The load-carrying assessment of existing and aging bridges has been a critical challenge in Australia and elsewhere. The reversed capacity of these bridges is under investigation because of increasing traffic loads, deterioration of materials, and accumulated damage during operations. In this study, a hybrid finite-element (FE) model updating approach is developed to identify the current condition of a nearly 50-year-old highway bridge. The reserved capacity of the bridge subjected to the current traffic loadings in design specifications is evaluated. An initial FE model of the bridge is built based on the design documents.
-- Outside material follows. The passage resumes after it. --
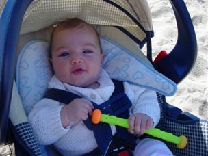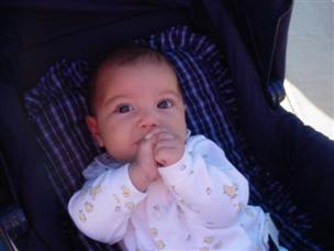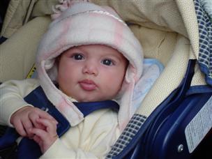 | This is me in the car seat with a hat on. | This is too (but here, I'm being pensive...note the hands). | |

Strain data obtained from static load testing of the bridge and modal information identified from the measured acceleration responses of the bridge under operational traffic are simultaneously used to update the material properties and dynamic characteristics of the bridge model. The updated model can simultaneously match the recorded static response and identified modal information of the bridge, which can reflect the present operational condition of the bridge better than the original model constructed by design drawings. Based on the updated bridge model, the load rating factor (RF) is calculated to evaluate the performance of the bridge under the present design traffic loading specified in Australian bridge design standards. The calculated results indicate that the reserved capacity of the bridge for traffic and dead load effects can satisfy the requirements of the current bridge design specifications.